Pictures appear among the records below and must be omitted. Repeat exactly the lines from the line with "雪花 SNOWFLK 冰柜" to the line with "Placez les chiffres", both included.

### RECORDS FOR PROCESSING:

-------------------------

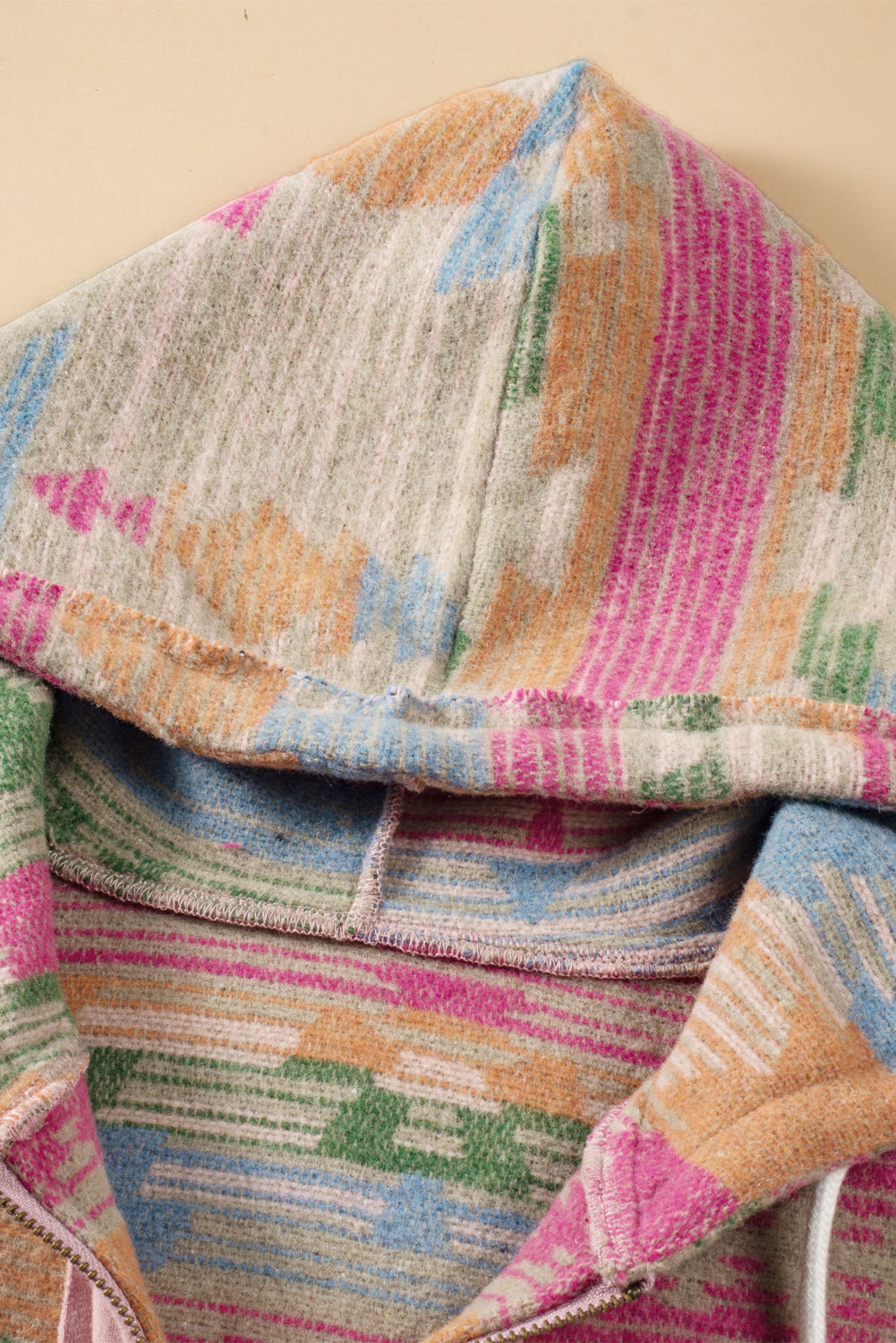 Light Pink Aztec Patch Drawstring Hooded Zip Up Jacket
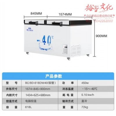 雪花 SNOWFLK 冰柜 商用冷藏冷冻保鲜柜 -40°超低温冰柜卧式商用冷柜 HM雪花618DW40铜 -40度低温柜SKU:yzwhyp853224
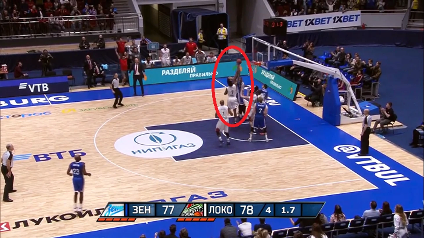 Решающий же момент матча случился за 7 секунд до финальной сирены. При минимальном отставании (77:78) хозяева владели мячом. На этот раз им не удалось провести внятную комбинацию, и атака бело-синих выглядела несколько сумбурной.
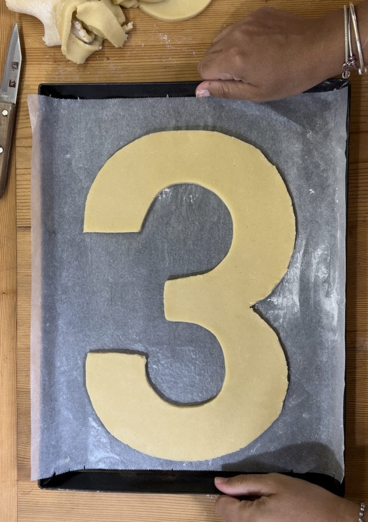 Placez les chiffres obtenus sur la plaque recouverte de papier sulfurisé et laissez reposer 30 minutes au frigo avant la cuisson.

-------------------------

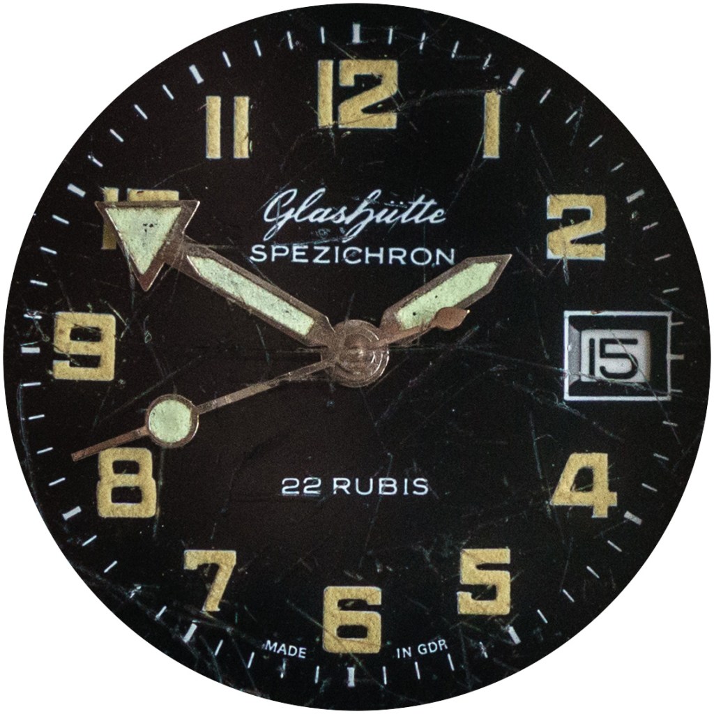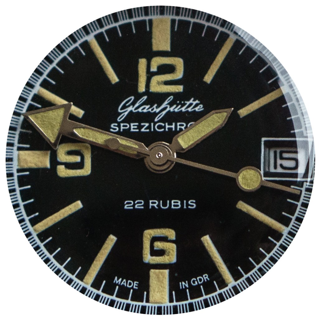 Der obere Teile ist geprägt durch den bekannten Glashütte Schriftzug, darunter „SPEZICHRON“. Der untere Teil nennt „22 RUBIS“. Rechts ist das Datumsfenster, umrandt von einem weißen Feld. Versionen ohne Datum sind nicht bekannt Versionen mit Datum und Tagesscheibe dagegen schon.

-------------------------

### OUTPUT OF THE EXERCISE:
 雪花 SNOWFLK 冰柜 商用冷藏冷冻保鲜柜 -40°超低温冰柜卧式商用冷柜 HM雪花618DW40铜 -40度低温柜SKU:yzwhyp853224
 Решающий же момент матча случился за 7 секунд до финальной сирены. При минимальном отставании (77:78) хозяева владели мячом. На этот раз им не удалось провести внятную комбинацию, и атака бело-синих выглядела несколько сумбурной.
 Placez les chiffres obtenus sur la plaque recouverte de papier sulfurisé et laissez reposer 30 minutes au frigo avant la cuisson.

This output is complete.